- Dataset excerpt
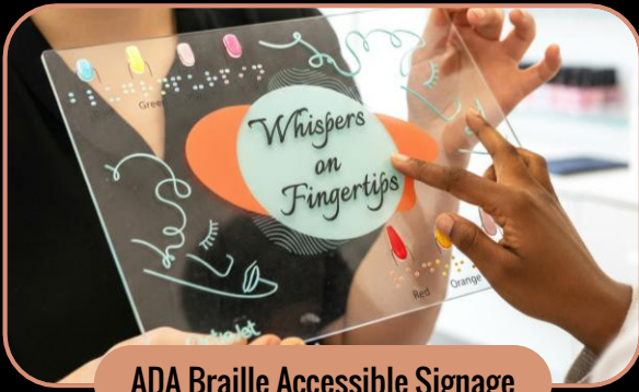
ADA Braille Accessible Signage
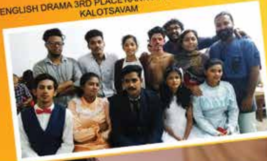
ENGLISH DRAMA 3RD PLACE KANNUR UNIVERSITY KALOTSAVAM
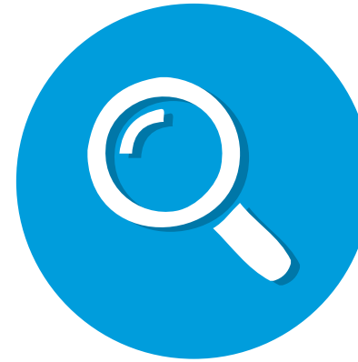
Scope of Work
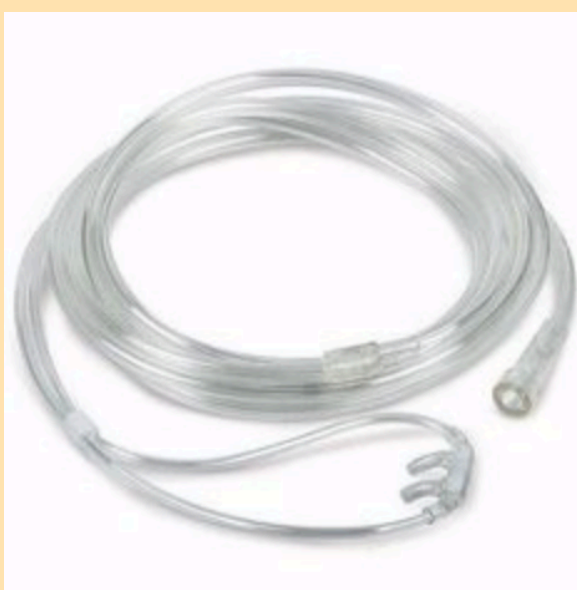
Low Flow Nasal Cannula

- What the exercise asks
What you return should be the full listing, unchanged, minus the pictures.

- Task answer
ADA Braille Accessible Signage
ENGLISH DRAMA 3RD PLACE KANNUR UNIVERSITY KALOTSAVAM
Scope of Work
Low Flow Nasal Cannula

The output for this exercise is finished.